*Source data*:

------------------------

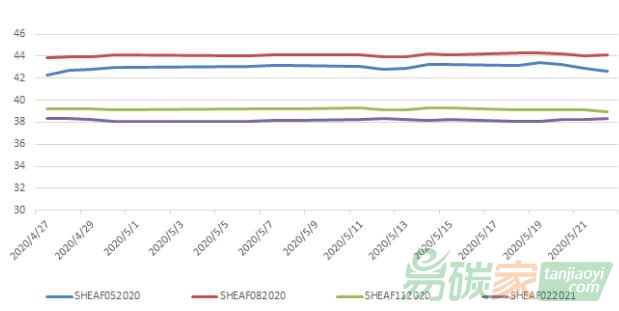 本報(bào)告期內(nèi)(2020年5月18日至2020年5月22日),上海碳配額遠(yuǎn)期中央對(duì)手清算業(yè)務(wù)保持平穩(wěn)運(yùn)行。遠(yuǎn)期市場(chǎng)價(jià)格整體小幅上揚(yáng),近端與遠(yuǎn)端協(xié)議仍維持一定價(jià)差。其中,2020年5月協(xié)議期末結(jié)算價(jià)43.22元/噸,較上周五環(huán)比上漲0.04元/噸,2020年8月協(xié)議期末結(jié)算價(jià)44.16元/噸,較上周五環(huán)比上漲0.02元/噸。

------------------------

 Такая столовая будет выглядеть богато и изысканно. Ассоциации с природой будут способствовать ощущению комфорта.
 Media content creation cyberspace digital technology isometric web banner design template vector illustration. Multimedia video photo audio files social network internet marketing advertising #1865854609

------------------------

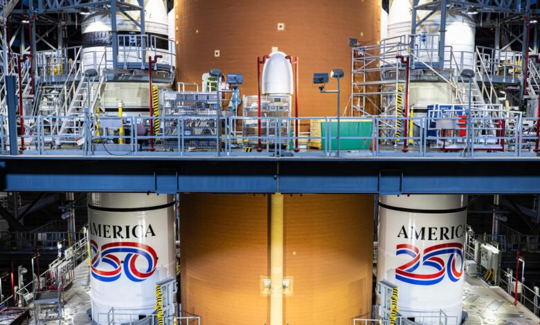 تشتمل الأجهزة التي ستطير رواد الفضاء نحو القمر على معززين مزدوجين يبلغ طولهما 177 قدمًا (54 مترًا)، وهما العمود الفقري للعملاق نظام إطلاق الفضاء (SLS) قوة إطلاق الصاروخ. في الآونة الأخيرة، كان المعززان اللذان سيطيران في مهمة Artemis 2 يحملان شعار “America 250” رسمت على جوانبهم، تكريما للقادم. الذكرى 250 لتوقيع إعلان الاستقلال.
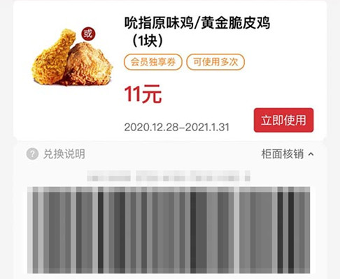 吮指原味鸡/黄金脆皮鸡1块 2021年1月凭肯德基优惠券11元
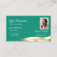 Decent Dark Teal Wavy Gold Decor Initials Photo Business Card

------------------------

*Problem statement*: Within the entries above, the lines from the one containing "吮指原味鸡/黄金脆皮鸡1块 2021年1月凭肯德基优惠券11元" through the one containing "Decent Dark Teal" are to be transcribed exactly, ends included, pictures excluded.

*Result for this task*:
 吮指原味鸡/黄金脆皮鸡1块 2021年1月凭肯德基优惠券11元
 Decent Dark Teal Wavy Gold Decor Initials Photo Business Card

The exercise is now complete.